• TASK: Output the lines of the entries below beginning at the one with "Слайд 174. У" and ending with the last, exactly as written and without pictures.

Data excerpts
········

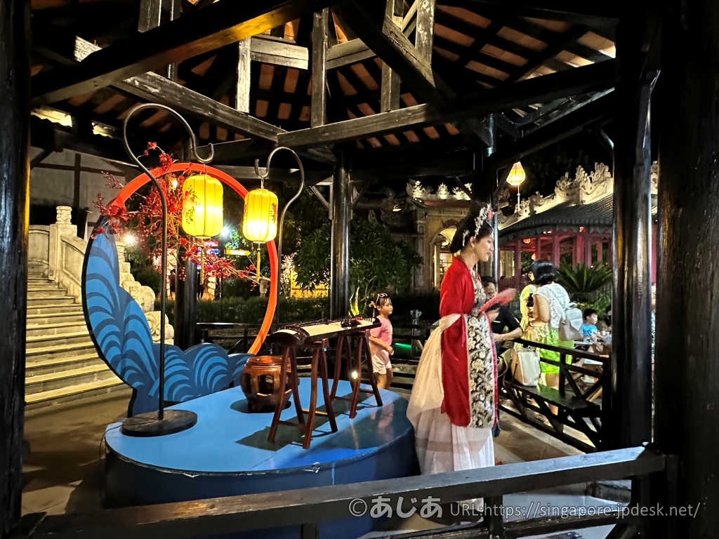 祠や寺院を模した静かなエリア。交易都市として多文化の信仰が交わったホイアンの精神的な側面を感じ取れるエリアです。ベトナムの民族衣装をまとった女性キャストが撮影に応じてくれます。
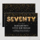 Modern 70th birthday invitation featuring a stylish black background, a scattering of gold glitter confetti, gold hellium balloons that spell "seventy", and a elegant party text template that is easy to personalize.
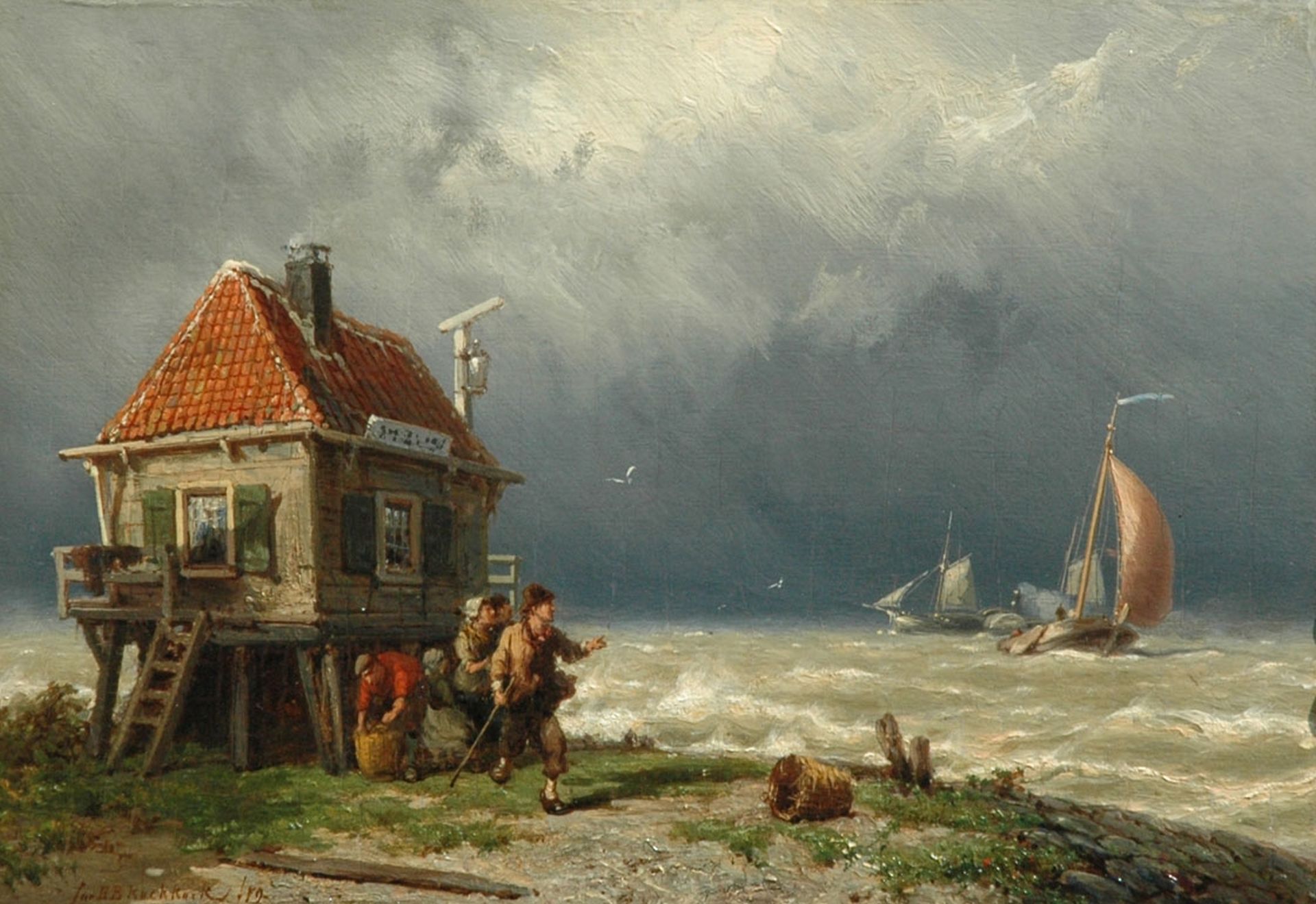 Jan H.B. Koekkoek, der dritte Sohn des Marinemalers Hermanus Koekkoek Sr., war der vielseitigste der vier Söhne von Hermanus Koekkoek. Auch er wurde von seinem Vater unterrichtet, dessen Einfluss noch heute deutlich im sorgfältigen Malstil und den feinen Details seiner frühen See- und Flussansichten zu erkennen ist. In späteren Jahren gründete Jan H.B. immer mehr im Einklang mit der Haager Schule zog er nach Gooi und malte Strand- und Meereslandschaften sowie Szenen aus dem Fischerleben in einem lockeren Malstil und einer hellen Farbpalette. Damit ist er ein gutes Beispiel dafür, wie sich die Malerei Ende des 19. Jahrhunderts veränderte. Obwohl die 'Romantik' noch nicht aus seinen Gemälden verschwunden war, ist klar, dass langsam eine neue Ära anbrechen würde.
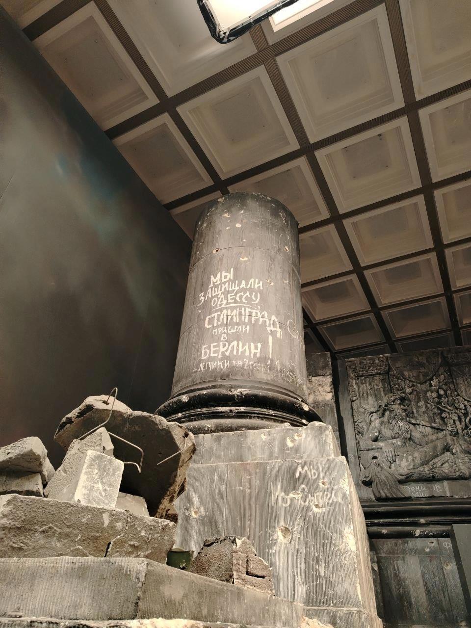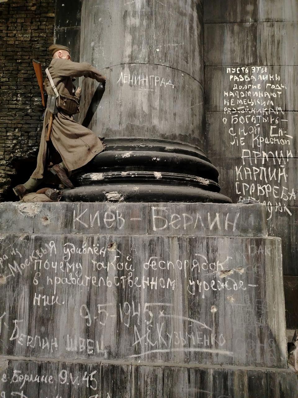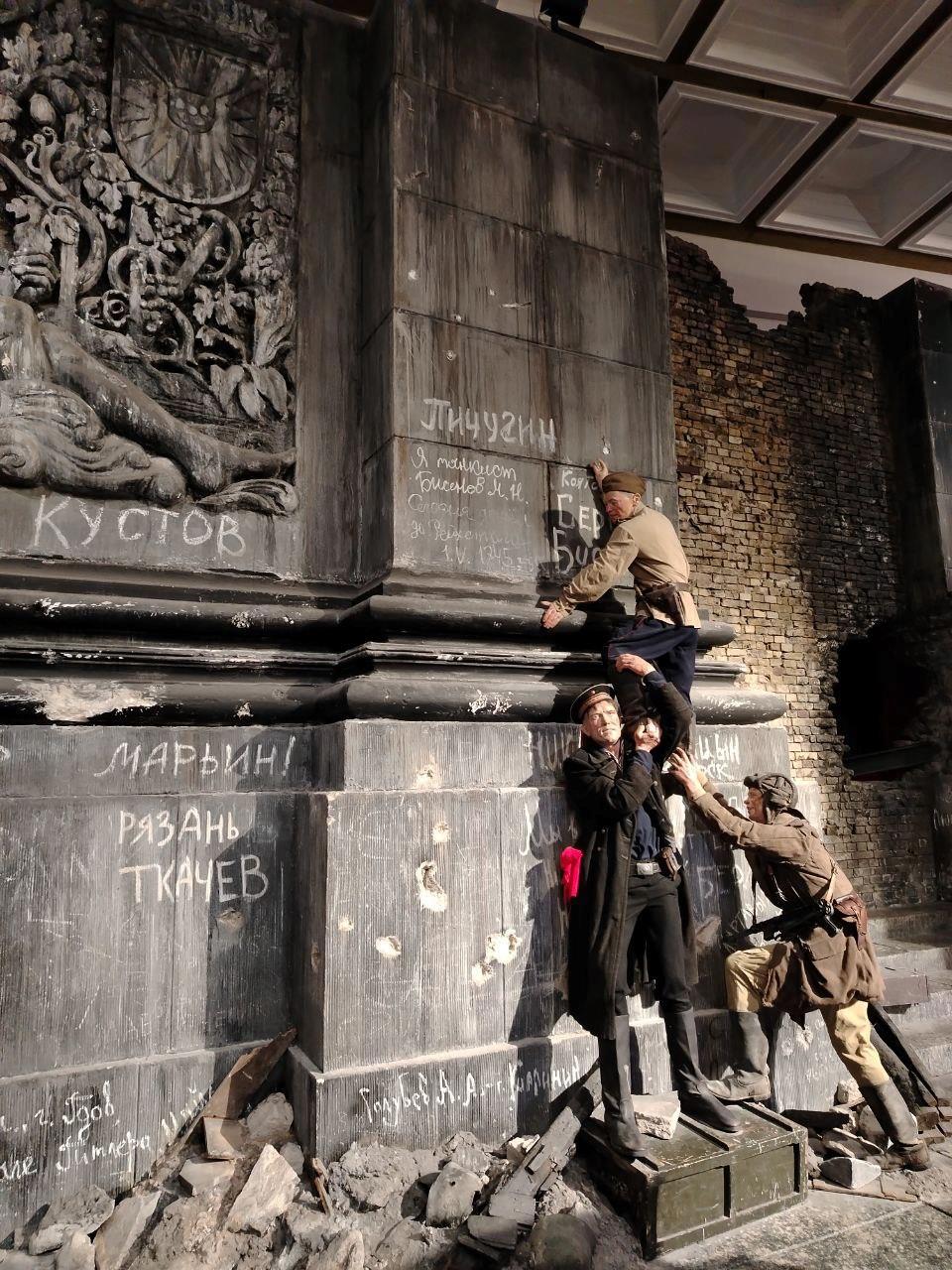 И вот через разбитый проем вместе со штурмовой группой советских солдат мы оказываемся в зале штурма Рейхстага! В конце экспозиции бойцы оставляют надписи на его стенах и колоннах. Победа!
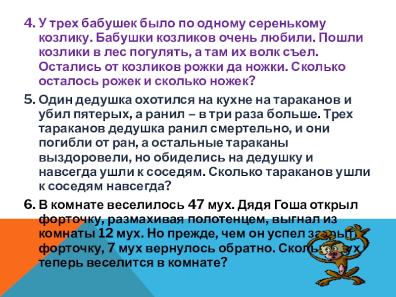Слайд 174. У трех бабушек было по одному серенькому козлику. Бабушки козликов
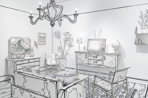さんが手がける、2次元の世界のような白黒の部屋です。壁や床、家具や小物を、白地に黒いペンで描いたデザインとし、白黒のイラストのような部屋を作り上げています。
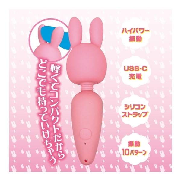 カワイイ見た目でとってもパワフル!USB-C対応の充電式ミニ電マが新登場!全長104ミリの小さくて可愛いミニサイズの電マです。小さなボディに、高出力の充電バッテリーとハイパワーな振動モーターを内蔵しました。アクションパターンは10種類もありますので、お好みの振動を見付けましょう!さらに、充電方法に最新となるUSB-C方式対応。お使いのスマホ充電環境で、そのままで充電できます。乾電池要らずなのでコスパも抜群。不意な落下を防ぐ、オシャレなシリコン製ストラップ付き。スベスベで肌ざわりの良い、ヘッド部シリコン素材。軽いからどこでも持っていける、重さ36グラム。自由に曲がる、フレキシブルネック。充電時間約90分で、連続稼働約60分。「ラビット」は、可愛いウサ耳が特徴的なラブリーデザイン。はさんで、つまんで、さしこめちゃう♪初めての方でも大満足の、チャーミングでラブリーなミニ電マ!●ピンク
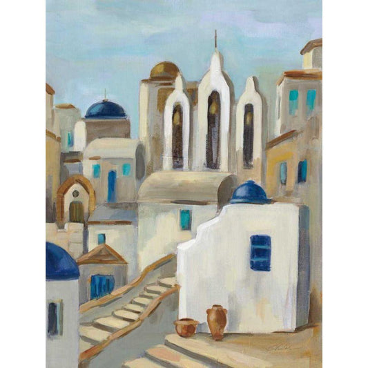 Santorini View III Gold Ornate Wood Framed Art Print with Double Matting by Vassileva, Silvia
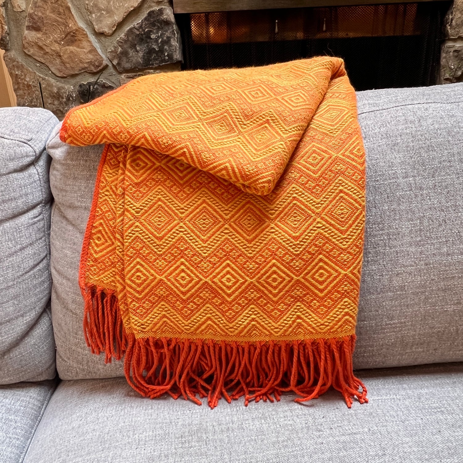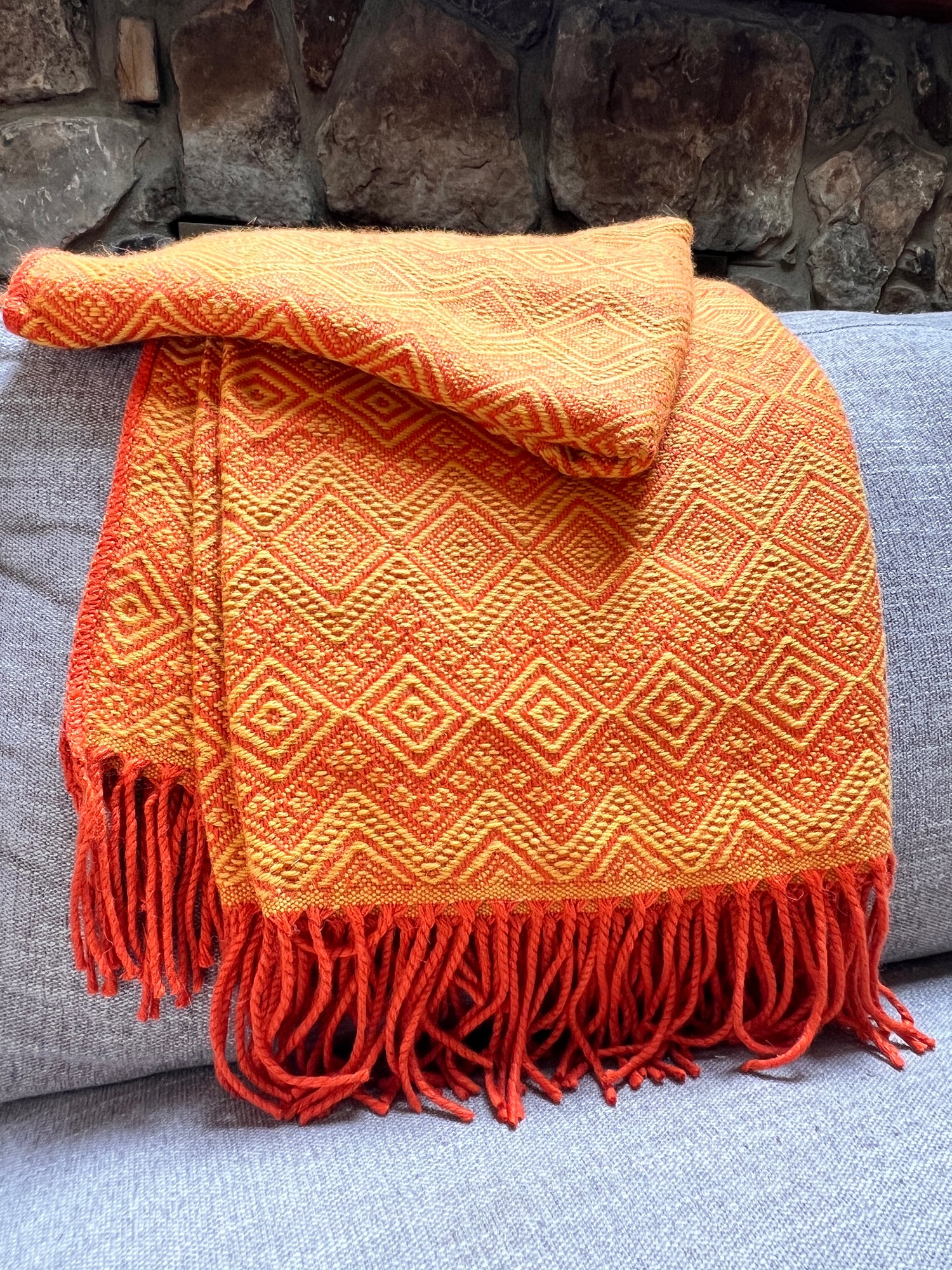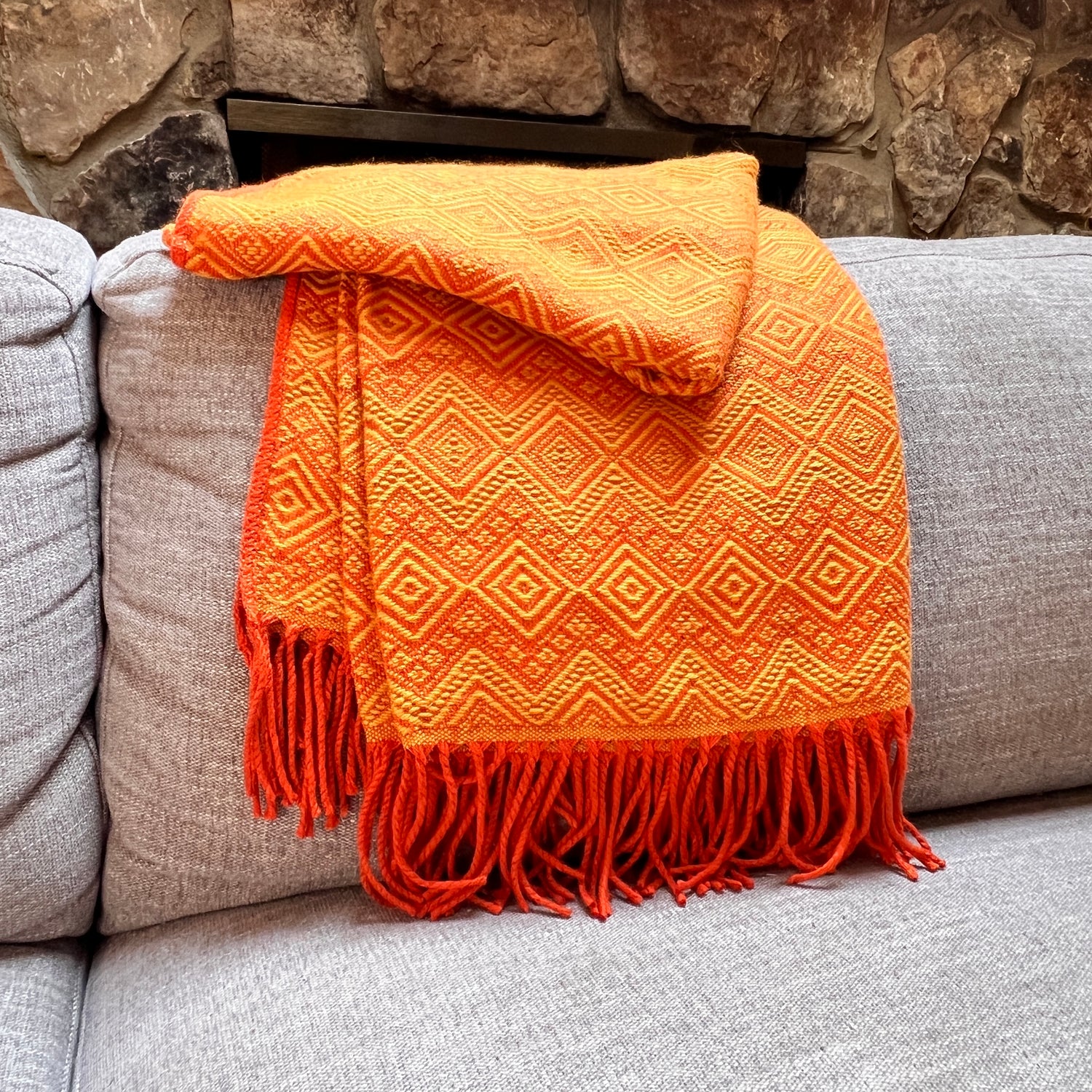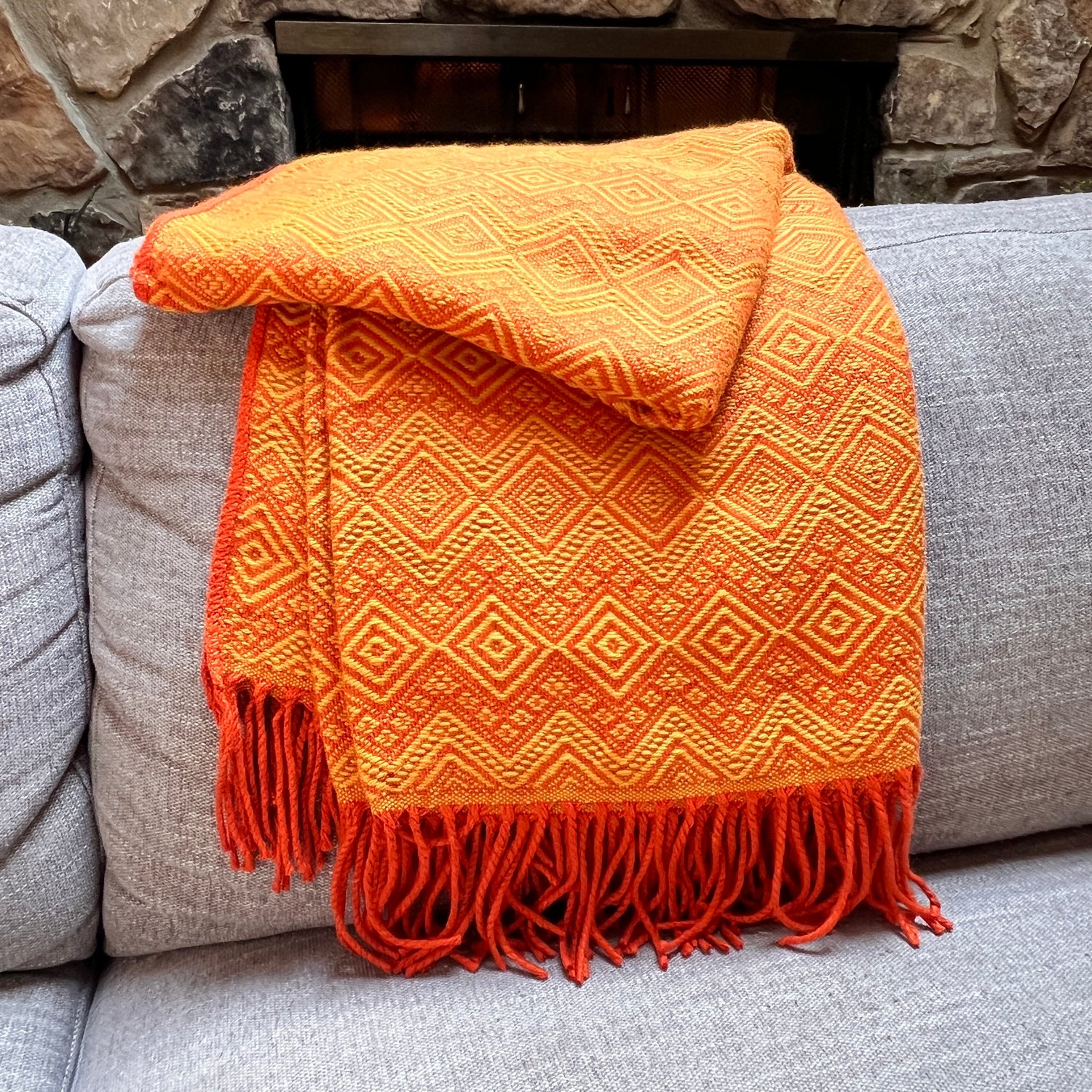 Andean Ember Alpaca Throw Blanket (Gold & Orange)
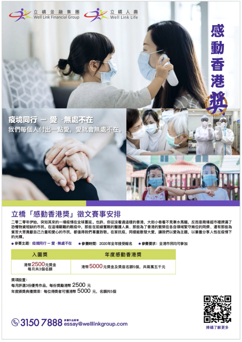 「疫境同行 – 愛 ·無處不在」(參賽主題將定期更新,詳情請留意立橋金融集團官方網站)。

········

• RESPONSE BELOW:
Слайд 174. У трех бабушек было по одному серенькому козлику. Бабушки козликов
さんが手がける、2次元の世界のような白黒の部屋です。壁や床、家具や小物を、白地に黒いペンで描いたデザインとし、白黒のイラストのような部屋を作り上げています。
 カワイイ見た目でとってもパワフル!USB-C対応の充電式ミニ電マが新登場!全長104ミリの小さくて可愛いミニサイズの電マです。小さなボディに、高出力の充電バッテリーとハイパワーな振動モーターを内蔵しました。アクションパターンは10種類もありますので、お好みの振動を見付けましょう!さらに、充電方法に最新となるUSB-C方式対応。お使いのスマホ充電環境で、そのままで充電できます。乾電池要らずなのでコスパも抜群。不意な落下を防ぐ、オシャレなシリコン製ストラップ付き。スベスベで肌ざわりの良い、ヘッド部シリコン素材。軽いからどこでも持っていける、重さ36グラム。自由に曲がる、フレキシブルネック。充電時間約90分で、連続稼働約60分。「ラビット」は、可愛いウサ耳が特徴的なラブリーデザイン。はさんで、つまんで、さしこめちゃう♪初めての方でも大満足の、チャーミングでラブリーなミニ電マ!●ピンク
 Santorini View III Gold Ornate Wood Framed Art Print with Double Matting by Vassileva, Silvia
 Andean Ember Alpaca Throw Blanket (Gold & Orange)
 「疫境同行 – 愛 ·無處不在」(參賽主題將定期更新,詳情請留意立橋金融集團官方網站)。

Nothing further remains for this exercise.